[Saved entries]
++++++++++

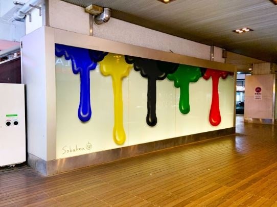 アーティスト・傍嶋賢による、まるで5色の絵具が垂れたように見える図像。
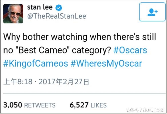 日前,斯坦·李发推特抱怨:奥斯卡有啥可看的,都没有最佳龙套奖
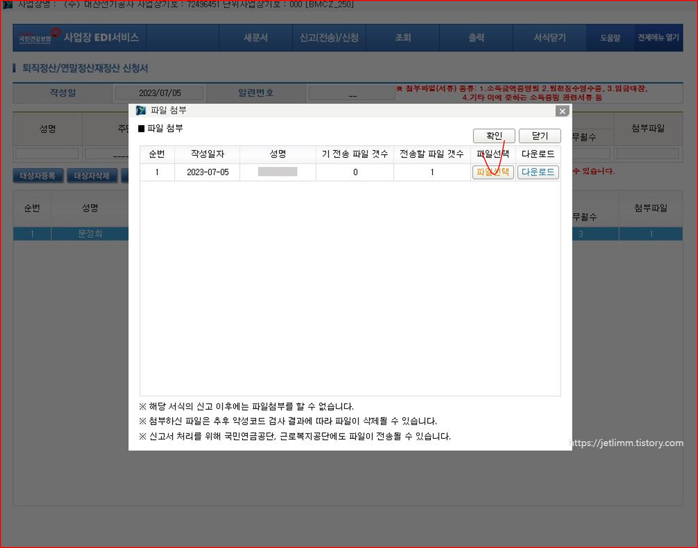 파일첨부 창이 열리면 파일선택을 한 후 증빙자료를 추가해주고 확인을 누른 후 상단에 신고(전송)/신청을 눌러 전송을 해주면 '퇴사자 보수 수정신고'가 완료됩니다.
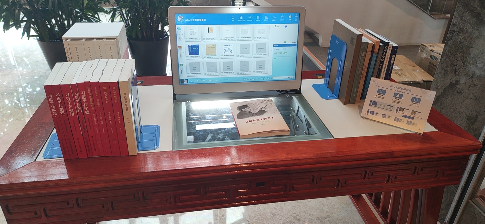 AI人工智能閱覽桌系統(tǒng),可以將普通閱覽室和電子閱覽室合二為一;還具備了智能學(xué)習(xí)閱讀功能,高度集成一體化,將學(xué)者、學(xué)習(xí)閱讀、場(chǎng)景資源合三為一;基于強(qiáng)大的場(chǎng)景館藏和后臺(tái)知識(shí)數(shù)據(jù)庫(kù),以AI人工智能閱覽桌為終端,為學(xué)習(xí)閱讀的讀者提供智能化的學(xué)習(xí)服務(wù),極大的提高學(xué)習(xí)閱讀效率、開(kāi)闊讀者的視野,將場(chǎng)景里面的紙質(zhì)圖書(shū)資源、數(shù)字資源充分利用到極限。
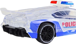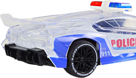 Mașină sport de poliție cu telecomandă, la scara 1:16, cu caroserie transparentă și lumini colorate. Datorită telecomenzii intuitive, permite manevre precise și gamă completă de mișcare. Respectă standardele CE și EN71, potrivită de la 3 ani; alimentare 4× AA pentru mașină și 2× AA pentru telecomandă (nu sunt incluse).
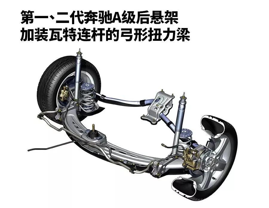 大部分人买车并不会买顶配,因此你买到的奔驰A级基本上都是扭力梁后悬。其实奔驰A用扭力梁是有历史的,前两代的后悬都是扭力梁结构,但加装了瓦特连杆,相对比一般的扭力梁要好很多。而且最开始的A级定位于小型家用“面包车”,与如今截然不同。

++++++++++

▶ **WHAT YOU NEED TO DO**:
Only the lines from the beginning of the records up to and including the line with "AI人工智能閱覽桌系統(tǒ" should appear, exactly as they are, and no pictures.

▶ **PROBLEM SOLUTION**:
 アーティスト・傍嶋賢による、まるで5色の絵具が垂れたように見える図像。
 日前,斯坦·李发推特抱怨:奥斯卡有啥可看的,都没有最佳龙套奖
 파일첨부 창이 열리면 파일선택을 한 후 증빙자료를 추가해주고 확인을 누른 후 상단에 신고(전송)/신청을 눌러 전송을 해주면 '퇴사자 보수 수정신고'가 완료됩니다.
 AI人工智能閱覽桌系統(tǒng),可以將普通閱覽室和電子閱覽室合二為一;還具備了智能學(xué)習(xí)閱讀功能,高度集成一體化,將學(xué)者、學(xué)習(xí)閱讀、場(chǎng)景資源合三為一;基于強(qiáng)大的場(chǎng)景館藏和后臺(tái)知識(shí)數(shù)據(jù)庫(kù),以AI人工智能閱覽桌為終端,為學(xué)習(xí)閱讀的讀者提供智能化的學(xué)習(xí)服務(wù),極大的提高學(xué)習(xí)閱讀效率、開(kāi)闊讀者的視野,將場(chǎng)景里面的紙質(zhì)圖書(shū)資源、數(shù)字資源充分利用到極限。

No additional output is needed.